Dataset entries:
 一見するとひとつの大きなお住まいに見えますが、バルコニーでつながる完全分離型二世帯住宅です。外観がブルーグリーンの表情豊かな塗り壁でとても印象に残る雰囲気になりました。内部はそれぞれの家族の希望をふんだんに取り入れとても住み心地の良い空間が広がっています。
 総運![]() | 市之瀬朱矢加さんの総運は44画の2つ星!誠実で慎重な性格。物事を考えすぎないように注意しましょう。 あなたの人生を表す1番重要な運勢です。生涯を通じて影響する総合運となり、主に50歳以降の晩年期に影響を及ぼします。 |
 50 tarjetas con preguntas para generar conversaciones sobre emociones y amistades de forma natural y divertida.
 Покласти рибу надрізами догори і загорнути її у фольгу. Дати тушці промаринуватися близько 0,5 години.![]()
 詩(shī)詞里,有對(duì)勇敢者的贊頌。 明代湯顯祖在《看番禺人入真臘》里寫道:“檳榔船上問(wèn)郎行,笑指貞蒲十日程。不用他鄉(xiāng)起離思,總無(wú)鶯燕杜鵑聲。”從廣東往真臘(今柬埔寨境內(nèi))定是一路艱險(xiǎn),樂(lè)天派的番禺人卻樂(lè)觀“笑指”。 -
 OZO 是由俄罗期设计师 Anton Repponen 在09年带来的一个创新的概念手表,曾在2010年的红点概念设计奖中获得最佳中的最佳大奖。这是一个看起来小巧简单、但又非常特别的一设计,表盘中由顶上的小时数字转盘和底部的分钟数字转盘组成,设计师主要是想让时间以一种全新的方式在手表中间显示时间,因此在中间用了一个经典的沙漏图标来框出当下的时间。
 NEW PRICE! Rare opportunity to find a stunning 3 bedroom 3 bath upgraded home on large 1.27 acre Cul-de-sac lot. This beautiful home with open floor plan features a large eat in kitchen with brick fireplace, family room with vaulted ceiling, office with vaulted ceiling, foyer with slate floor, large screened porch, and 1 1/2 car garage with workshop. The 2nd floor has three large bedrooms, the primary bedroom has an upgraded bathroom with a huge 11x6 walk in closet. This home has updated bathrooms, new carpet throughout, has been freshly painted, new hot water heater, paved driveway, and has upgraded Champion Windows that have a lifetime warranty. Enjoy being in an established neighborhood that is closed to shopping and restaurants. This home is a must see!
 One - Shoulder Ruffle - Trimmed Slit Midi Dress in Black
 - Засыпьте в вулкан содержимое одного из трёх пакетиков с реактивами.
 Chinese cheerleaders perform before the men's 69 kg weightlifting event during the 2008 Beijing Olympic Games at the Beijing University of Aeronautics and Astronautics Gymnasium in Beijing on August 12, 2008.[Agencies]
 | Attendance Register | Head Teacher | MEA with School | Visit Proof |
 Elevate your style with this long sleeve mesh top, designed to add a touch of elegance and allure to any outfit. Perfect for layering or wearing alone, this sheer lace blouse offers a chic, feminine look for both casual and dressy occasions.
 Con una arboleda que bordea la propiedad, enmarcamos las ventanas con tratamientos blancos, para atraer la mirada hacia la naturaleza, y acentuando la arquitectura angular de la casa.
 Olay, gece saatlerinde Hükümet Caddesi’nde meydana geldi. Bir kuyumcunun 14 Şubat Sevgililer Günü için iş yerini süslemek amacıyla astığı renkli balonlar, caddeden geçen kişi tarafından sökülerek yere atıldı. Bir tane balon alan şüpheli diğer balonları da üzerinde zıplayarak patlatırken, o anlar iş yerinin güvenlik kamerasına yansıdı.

▶ [Problem]:
Your reply must contain each entry, reproduced exactly.

▶ [Answer area]:
 一見するとひとつの大きなお住まいに見えますが、バルコニーでつながる完全分離型二世帯住宅です。外観がブルーグリーンの表情豊かな塗り壁でとても印象に残る雰囲気になりました。内部はそれぞれの家族の希望をふんだんに取り入れとても住み心地の良い空間が広がっています。
 総運![]() | 市之瀬朱矢加さんの総運は44画の2つ星!誠実で慎重な性格。物事を考えすぎないように注意しましょう。 あなたの人生を表す1番重要な運勢です。生涯を通じて影響する総合運となり、主に50歳以降の晩年期に影響を及ぼします。 |
 50 tarjetas con preguntas para generar conversaciones sobre emociones y amistades de forma natural y divertida.
 Покласти рибу надрізами догори і загорнути її у фольгу. Дати тушці промаринуватися близько 0,5 години.![]()
 詩(shī)詞里,有對(duì)勇敢者的贊頌。 明代湯顯祖在《看番禺人入真臘》里寫道:“檳榔船上問(wèn)郎行,笑指貞蒲十日程。不用他鄉(xiāng)起離思,總無(wú)鶯燕杜鵑聲。”從廣東往真臘(今柬埔寨境內(nèi))定是一路艱險(xiǎn),樂(lè)天派的番禺人卻樂(lè)觀“笑指”。 -
 OZO 是由俄罗期设计师 Anton Repponen 在09年带来的一个创新的概念手表,曾在2010年的红点概念设计奖中获得最佳中的最佳大奖。这是一个看起来小巧简单、但又非常特别的一设计,表盘中由顶上的小时数字转盘和底部的分钟数字转盘组成,设计师主要是想让时间以一种全新的方式在手表中间显示时间,因此在中间用了一个经典的沙漏图标来框出当下的时间。
 NEW PRICE! Rare opportunity to find a stunning 3 bedroom 3 bath upgraded home on large 1.27 acre Cul-de-sac lot. This beautiful home with open floor plan features a large eat in kitchen with brick fireplace, family room with vaulted ceiling, office with vaulted ceiling, foyer with slate floor, large screened porch, and 1 1/2 car garage with workshop. The 2nd floor has three large bedrooms, the primary bedroom has an upgraded bathroom with a huge 11x6 walk in closet. This home has updated bathrooms, new carpet throughout, has been freshly painted, new hot water heater, paved driveway, and has upgraded Champion Windows that have a lifetime warranty. Enjoy being in an established neighborhood that is closed to shopping and restaurants. This home is a must see!
 One - Shoulder Ruffle - Trimmed Slit Midi Dress in Black
 - Засыпьте в вулкан содержимое одного из трёх пакетиков с реактивами.
 Chinese cheerleaders perform before the men's 69 kg weightlifting event during the 2008 Beijing Olympic Games at the Beijing University of Aeronautics and Astronautics Gymnasium in Beijing on August 12, 2008.[Agencies]
 | Attendance Register | Head Teacher | MEA with School | Visit Proof |
 Elevate your style with this long sleeve mesh top, designed to add a touch of elegance and allure to any outfit. Perfect for layering or wearing alone, this sheer lace blouse offers a chic, feminine look for both casual and dressy occasions.
 Con una arboleda que bordea la propiedad, enmarcamos las ventanas con tratamientos blancos, para atraer la mirada hacia la naturaleza, y acentuando la arquitectura angular de la casa.
 Olay, gece saatlerinde Hükümet Caddesi’nde meydana geldi. Bir kuyumcunun 14 Şubat Sevgililer Günü için iş yerini süslemek amacıyla astığı renkli balonlar, caddeden geçen kişi tarafından sökülerek yere atıldı. Bir tane balon alan şüpheli diğer balonları da üzerinde zıplayarak patlatırken, o anlar iş yerinin güvenlik kamerasına yansıdı.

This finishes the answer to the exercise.